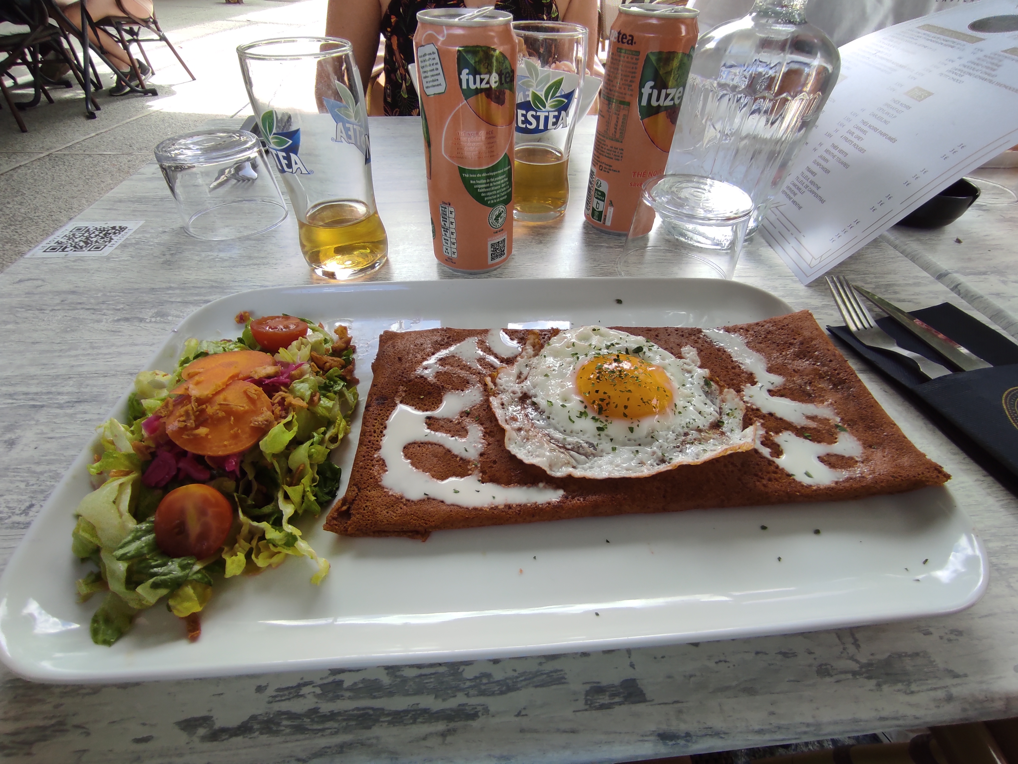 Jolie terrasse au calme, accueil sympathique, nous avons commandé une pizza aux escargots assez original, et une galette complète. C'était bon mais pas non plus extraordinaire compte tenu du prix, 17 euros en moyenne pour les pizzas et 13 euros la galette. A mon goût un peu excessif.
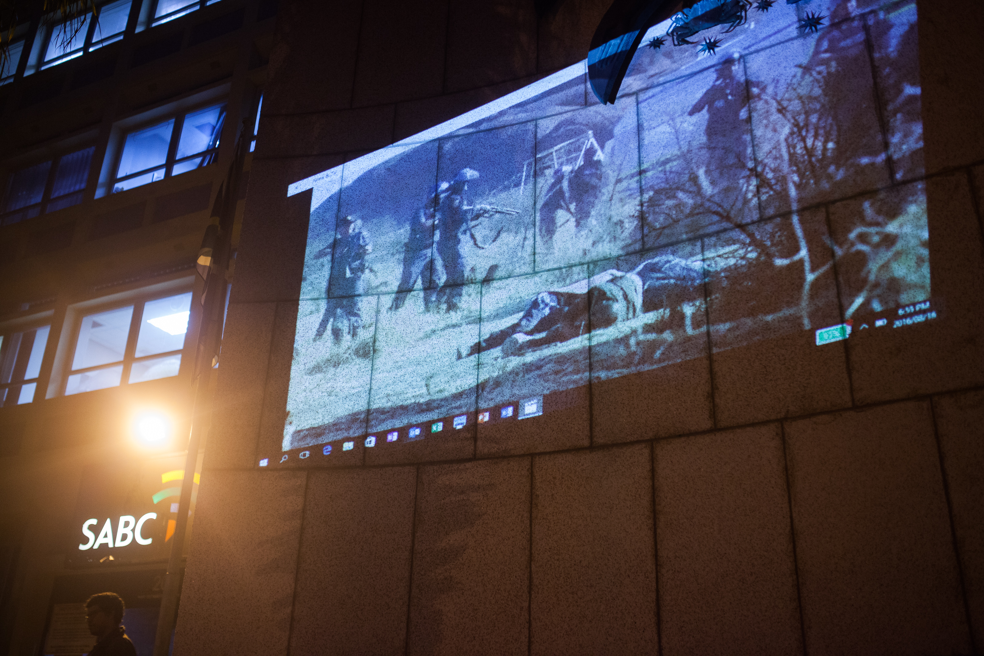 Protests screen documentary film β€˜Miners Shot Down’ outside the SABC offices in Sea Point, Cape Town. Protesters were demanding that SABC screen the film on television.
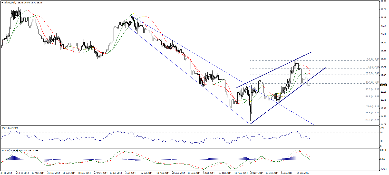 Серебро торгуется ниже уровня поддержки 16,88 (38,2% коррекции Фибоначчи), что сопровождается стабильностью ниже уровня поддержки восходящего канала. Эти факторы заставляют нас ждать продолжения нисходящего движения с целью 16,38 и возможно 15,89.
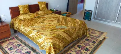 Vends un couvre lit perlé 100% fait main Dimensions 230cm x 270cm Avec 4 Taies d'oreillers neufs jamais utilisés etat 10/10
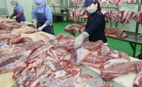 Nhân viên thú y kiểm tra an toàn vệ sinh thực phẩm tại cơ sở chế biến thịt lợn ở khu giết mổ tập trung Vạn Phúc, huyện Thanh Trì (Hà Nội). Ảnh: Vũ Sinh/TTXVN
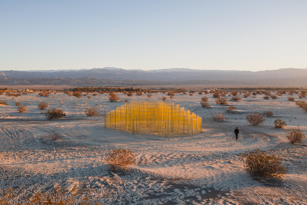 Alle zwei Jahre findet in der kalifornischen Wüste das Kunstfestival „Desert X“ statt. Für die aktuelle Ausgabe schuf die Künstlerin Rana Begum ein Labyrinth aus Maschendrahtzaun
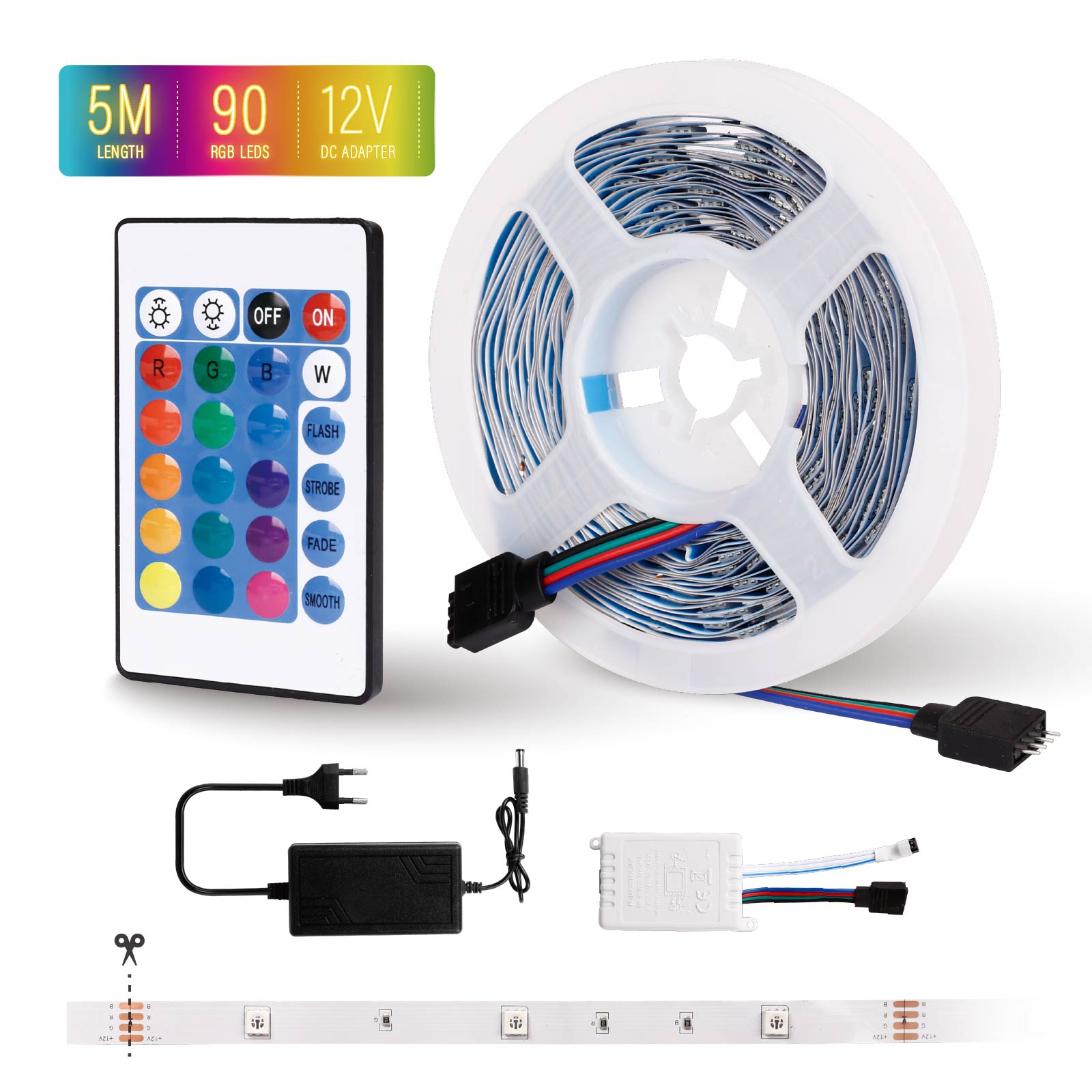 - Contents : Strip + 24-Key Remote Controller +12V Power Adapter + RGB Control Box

**********

DIRECTIONS:
Copy out the material above in full and exactly, but with no pictures.

OUTPUT BELOW:
 Jolie terrasse au calme, accueil sympathique, nous avons commandé une pizza aux escargots assez original, et une galette complète. C'était bon mais pas non plus extraordinaire compte tenu du prix, 17 euros en moyenne pour les pizzas et 13 euros la galette. A mon goût un peu excessif.
 Protests screen documentary film β€˜Miners Shot Down’ outside the SABC offices in Sea Point, Cape Town. Protesters were demanding that SABC screen the film on television.
 Серебро торгуется ниже уровня поддержки 16,88 (38,2% коррекции Фибоначчи), что сопровождается стабильностью ниже уровня поддержки восходящего канала. Эти факторы заставляют нас ждать продолжения нисходящего движения с целью 16,38 и возможно 15,89.
 Vends un couvre lit perlé 100% fait main Dimensions 230cm x 270cm Avec 4 Taies d'oreillers neufs jamais utilisés etat 10/10
 Nhân viên thú y kiểm tra an toàn vệ sinh thực phẩm tại cơ sở chế biến thịt lợn ở khu giết mổ tập trung Vạn Phúc, huyện Thanh Trì (Hà Nội). Ảnh: Vũ Sinh/TTXVN
 Alle zwei Jahre findet in der kalifornischen Wüste das Kunstfestival „Desert X“ statt. Für die aktuelle Ausgabe schuf die Künstlerin Rana Begum ein Labyrinth aus Maschendrahtzaun
 - Contents : Strip + 24-Key Remote Controller +12V Power Adapter + RGB Control Box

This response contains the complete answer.